Judging by its performance, PROMALS is a definite advance compared to our previous alignment programs MUMMALS (Pei and Grishin, 2006). MUMMALS derives probabilistic consistency from pairwise HMMs with built-in local structural information (secondary structure and/or solvent accessibility), and shows slight but significant improvement (a few percent) over other stand-alone methods such as ProbCons (Do et al., 2005) and MAFFT (Katoh et al., 2005). However, since no additional homologs are used, the local structure prediction implicitly performed by MUMMALS is of low accuracy compared to advanced methods such as PSIPRED (Jones, 1999). In contrast, PROMALS incorporates database searches and more accurate secondary structure prediction, and derives probabilistic consistency from profile–profile HMMs. Moreover, the HMM in PROMALS has a two-track structure (Karchin et al., 2003) that treats both amino acids and predicted secondary structures as emitted objects, while MUMMALS HMMs only emit amino acids. Owing to additional data sources and the advanced profile–profile HMM, PROMALS shows significant improvement over MUMMALS and other stand-alone methods, especially for highly divergent sequences.

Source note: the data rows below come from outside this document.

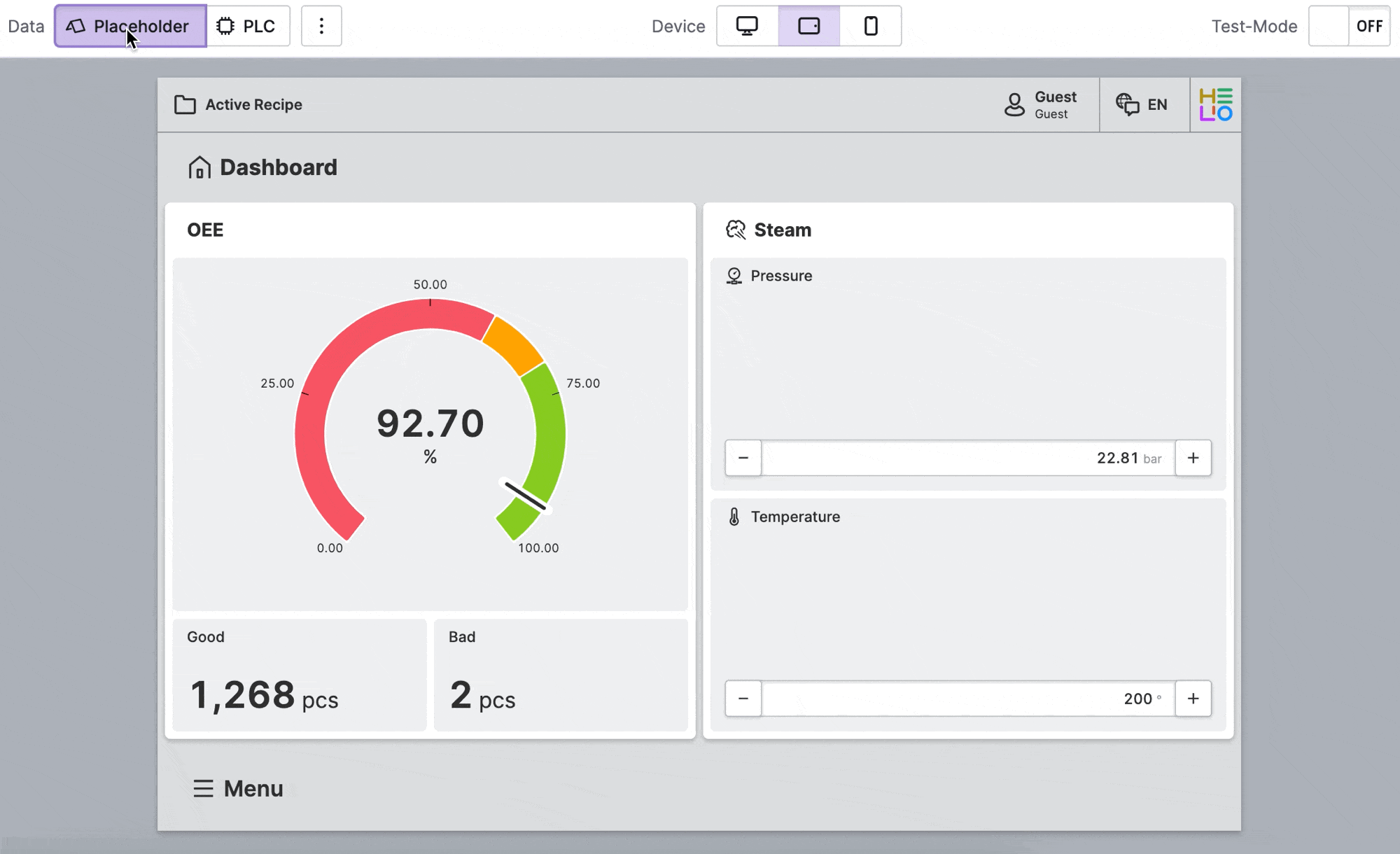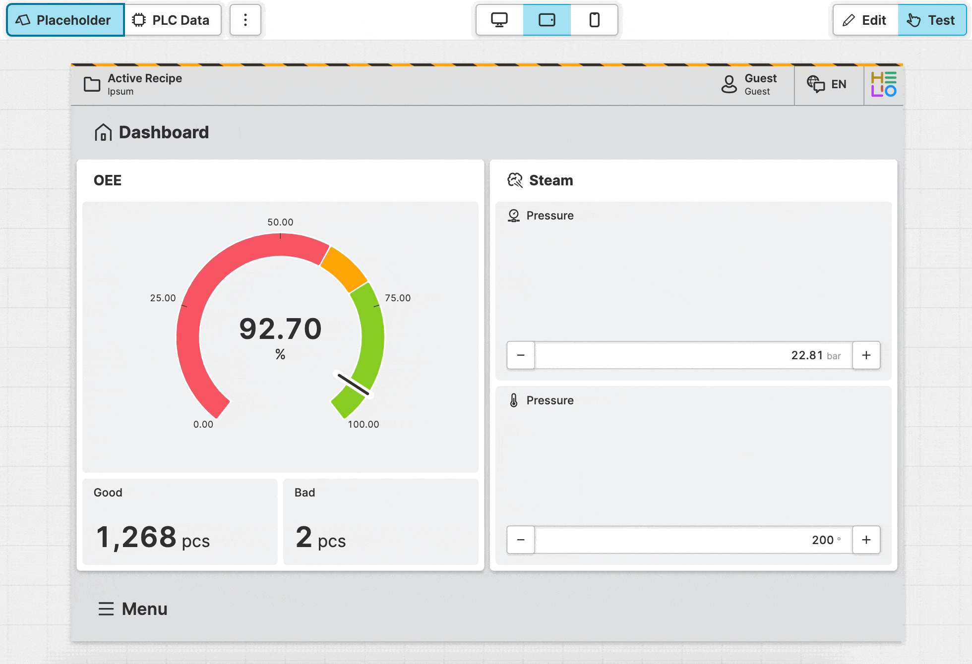 Switch from Placeholder mode to PLC mode using the buttons above the HMI Preview Panel.
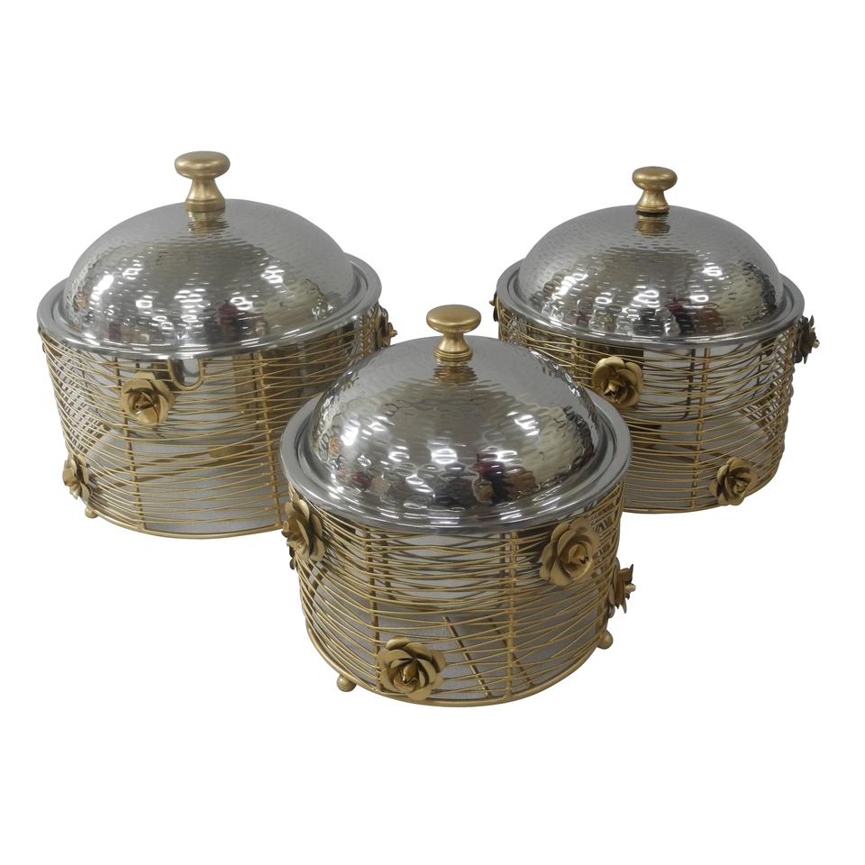 Pot chaud en fil de fer au design moderne Récipient alimentaire arrondi Casserole à couvercle isolé en acier inoxydable de grande capacité
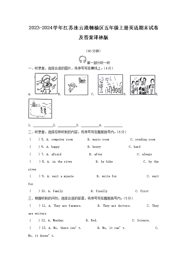 時(shí)間:2025-02-26 17:40:00 來源:無憂考網(wǎng) [字體:小 中 大]【文檔名稱】 2023-2024學(xué)年江蘇連云港贛榆區(qū)五年級(jí)上冊(cè)英語期末試卷及答案譯林版(Word版).doc
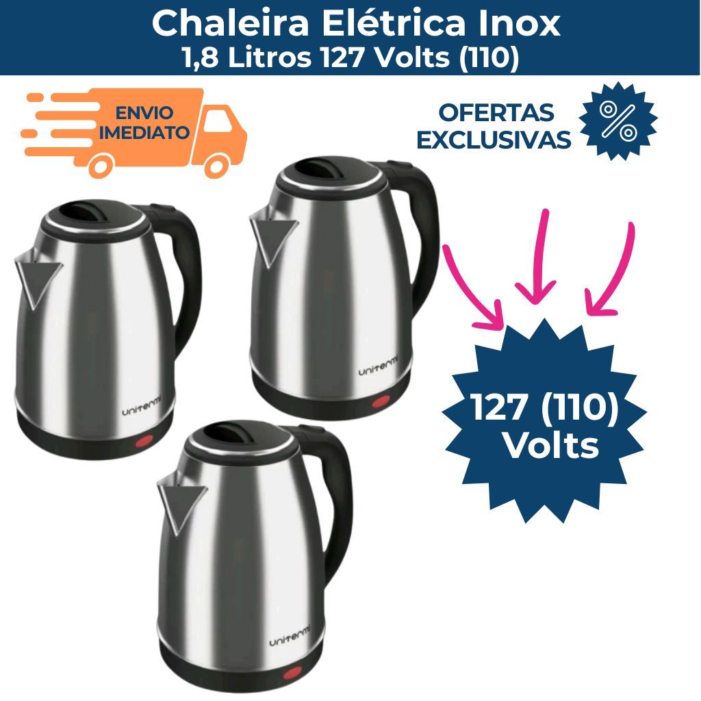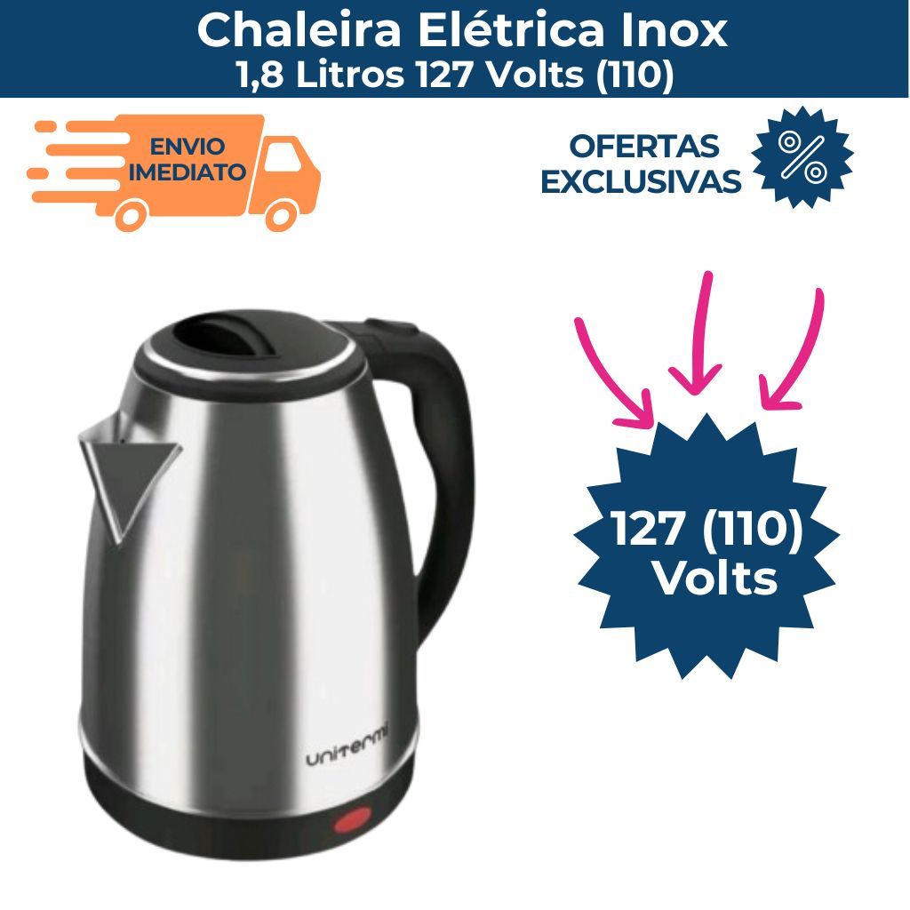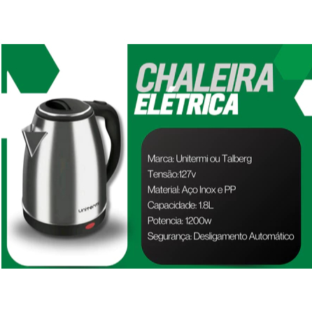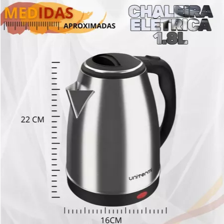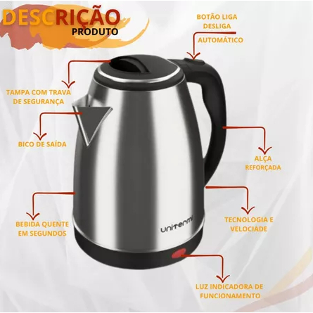 Chaleira Elétrica Unitermi Inox 1,8L 1200W Base Giratória Desligamento Automático Café 127v
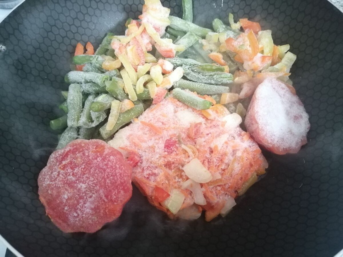 Я его слепила из того, что было😊 Провела я тут ревизию своей морозилки. Периодически пересчитываю запасы😁 Из не приятного - у нас почти закончилось своё мясо, придется опять покупать. Из последнего фарша налепила котлет на один ужин и несколько небольших подносов фрикаделек, их обычно в суп добавляю, или в подливе тушу и подаю с любым гарниром. А вот фруктово-овощные запасы ещё приятно радуют глаз и хоть они и заморожены, но душу греют. Но сегодня не об этом. Достала я последний пакетик со стручковой фасолью. На глаза попалась овощная смесь, в её составе лук, морковь, перец сладкий, томаты, Выложила всё это в глубокий сотейник, решила к содержимому добавить ещё немного перца сладкого, он у меня есть в заготовках отдельно и отправила два кусочка замороженного томатного пюре, в сезон перетертые томаты замораживала порционно в маленьких формочках для кексов. Когда овощи полностью растаяли, и выпарилась лишняя жидкость, добавила немного растительного масла и крупно-порезанный картофель
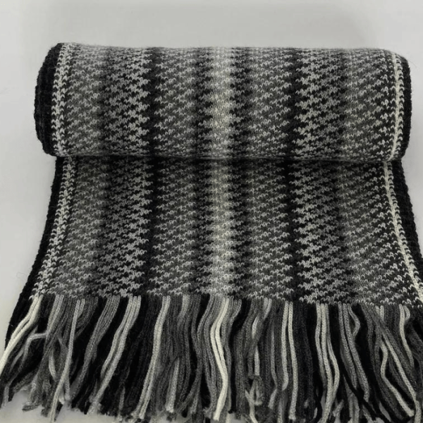 Crafted from luxurious extra fine Merino wool, this scarf features a striking multi-colour zigzag design that adds a bold, contemporary flair to your wardrobe. The merino yarn is known for its exceptional softness and durability, making this scarf both stylish and practical for everyday wear.
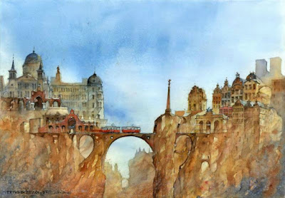 Los laberintos urbanos surrealistas del diseñador y animador japonés Mitamakura (de quien desconocemos casi todo) esconden, detrás de su apariencia gótica, un universo en el que conviven la fantasía de Lewis Carroll y la estilización simbolista del medioevo mágico; y su plasmación en los mundos de ficción de Tolkien o Robert E. Howard. Todo ello filtrado por la sensibilidad japonesa de su autor y la sempiterna influencia de la obra de Miyazaki. Están detenidas las ciudades de Mitamakura en un limbo arquitectónico entre el contrapicado de la pesadilla dantesca que nos empuja hacia abajo y el laberinto lúdico que invita a subir y a perderse entre sus callejones y pasarelas. Nos recuerdan mucho a otras ciudades imposibles, las que se levantan en los complejos mundos en miniatura del gran Santiago Valenzuela.

The HMM in PROMALS adopts a numerical representation of sequence profile (see Supplementary Data for details) that successfully works in other profile-sequence or profile–profile alignment methods such as PSI-BLAST (Altschul et al., 1997) and COMPASS (Sadreyev and Grishin, 2003). A recent comprehensive study also supported the effectiveness of this profile–profile scoring scheme (Wang and Dunbrack, 2004). To adequately use predicted secondary structures, we not only score them as emitted objects, but also use transition and emission probabilities that are dependent on predicted secondary structure types (Supplementary Data). Unlike HHalign, which treats each alignment as a classical profile HMM (Eddy, 1998), our HMM has a simpler structure similar to the classical 3-state pairwise HMM (Durbin et al., 1998). SPEM (Zhou and Zhou, 2005) does not use HMMs, but applies an empirical profile–profile alignment method (SP2) that identifies the optimal alignment path. In contrast, the HMM in PROMALS allows estimation of posterior probabilities of matches between positions. As a result, PROMALS has a probabilistic treatment of consistency similar to the one in ProbCons and MUMMALS, while simple consistency measures are used in SPEM, T-COFFEE (Notredame et al., 2000) and PCMA (Pei et al., 2003). PROMALS performs significantly better than SPEM and HHalign on difficult tests, suggesting the advantages of our profile–profile comparison scheme.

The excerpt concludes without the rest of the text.